Voices That Care

Say Hello to ... Finas

Every single person in Care2Run’s ecosystem is essential, and we’ve grown so much in three years thanks to all the different individuals who’ve played a part in getting us to where we are.

It is for this reason that we aim to hand this section over to our people – our participants, coaches, volunteers, parents, friends and loved ones – so they can tell you what Care2Run means to them.

This week we say hello to ….. Noor Shafinas Abdoel Moerad, a volunteer and mum who’s grateful that she and her son, Adika, have found a place where everyone works together and helps each other – like in a family.

FEW people understand the challenges dads and mums of differently-abled children face. On the surface, of course, parents are concerned about their children’s development. However, there is, often, also anxiousness and gloom when parents feel like they’re struggling on their own.

Finas, a mum to three young children, says this is why she’s so grateful to have stumbled upon Care2Run. 

“I don’t really worry about the stigma or what people may think of differently-abled children. Plus, people nowadays are more open to accepting differently-abled kids. But still, they don’t really know what it feels like to be a parent to a differently-abled child,” Finas, who has two children with autism, explains. “Sometimes, you have to handle or look after your kids in public places, and people don’t understand how tough that can be.”

“At Care2Run, however, everyone understands each others’ challenges. And we all help each other as a family.”

Finas and her son, Adika, have been participants in Care2Run’s latest Foundation Programme, and according to the mum, who gave up a career in information technology to take care of her kids, it’s been an enjoyable and enriching experience.

Hi there, Finas.
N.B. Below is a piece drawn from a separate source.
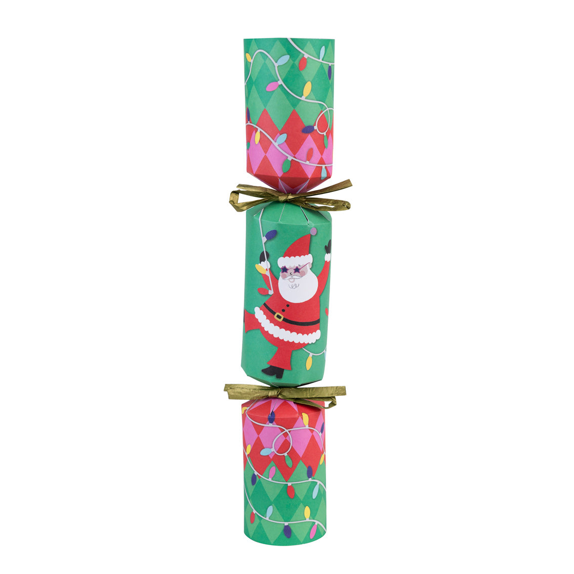 A bold, modern cracker set designed for customers who want their Christmas table to feel current rather than traditional. Part of the Fun Guy Santa range, these crackers feature graphic Santa illustrations set against bright colours and harlequin patterns, leaning into the Season of Cheer trend with confidence. The two design mix adds visual rhythm across the table, while hand finished details keep the set feeling considered, not novelty.

Could you share with us how you found out about Care2Run and what made you want to enrol Adika in the programme?
Hello! I actually found about the Foundation Programme through a WhatsApp group I belong to. Adika’s homeroom teacher had posted about it there. When I read about the programme, I felt that I’d like for Adika to spend some time with other differently-abled kids and learn to socialise.

Could you share with us a little about Adika’s developmental journey?
Adika spoke his first words at one-plus. Then he suddenly stopped. That’s when all the flapping of his arms and stimming started. I knew then that he was differently-abled. We started speech and occupational therapy for him when he was about four years old, shortly after he was diagnosed with autism. He began his education at a PDK (Program Pemulihan Dalam Komuniti) centre after that and stayed there until he was six. He’s in Standard One, in the PPKI programme in a government school, now. And thankfully, he’s doing great.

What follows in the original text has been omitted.